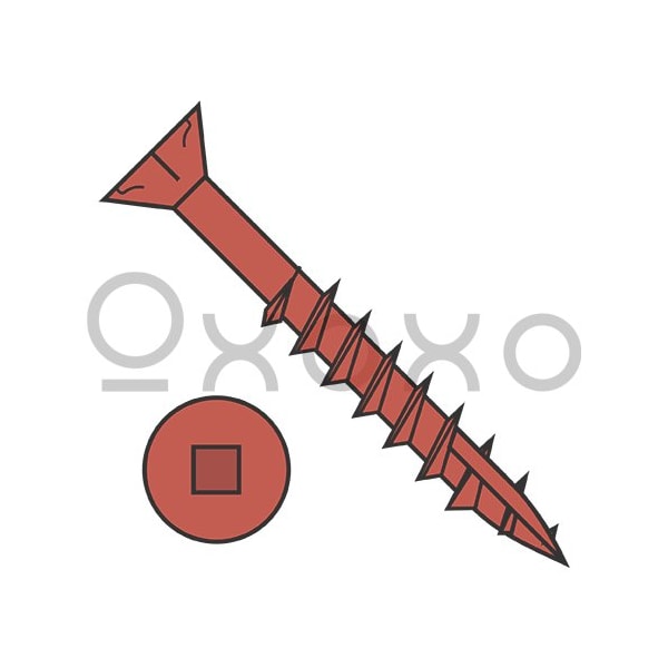 9-9X2 1/2 Square Flat Nibs Deck Screw Type17 2/3 Thread Red Ceramic 1,200HR Salt Spray, 2000PK
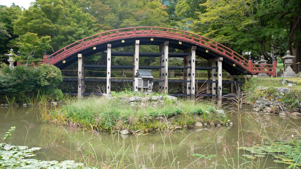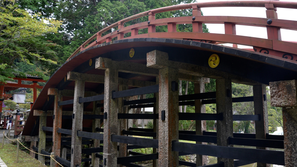 丹生都比売神社の鳥居をくぐってすぐ、神域の入り口にかかる輪橋(太鼓橋) 。「伝承によれば、豊臣秀吉の側室の淀殿が奉納したと言われてます。現在も石の土台は淀殿が奉納したものが今も使われています。」
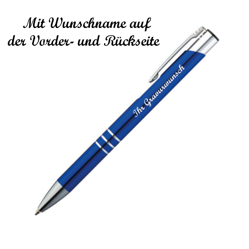 100 Kugelschreiber aus Metall mit beidseitige Namensgravur - Farbe: blau

########

Work to be completed: When you copy the data, keep every line exact and drop the pictures.

Answer to this task:
 9-9X2 1/2 Square Flat Nibs Deck Screw Type17 2/3 Thread Red Ceramic 1,200HR Salt Spray, 2000PK
 丹生都比売神社の鳥居をくぐってすぐ、神域の入り口にかかる輪橋(太鼓橋) 。「伝承によれば、豊臣秀吉の側室の淀殿が奉納したと言われてます。現在も石の土台は淀殿が奉納したものが今も使われています。」
 100 Kugelschreiber aus Metall mit beidseitige Namensgravur - Farbe: blau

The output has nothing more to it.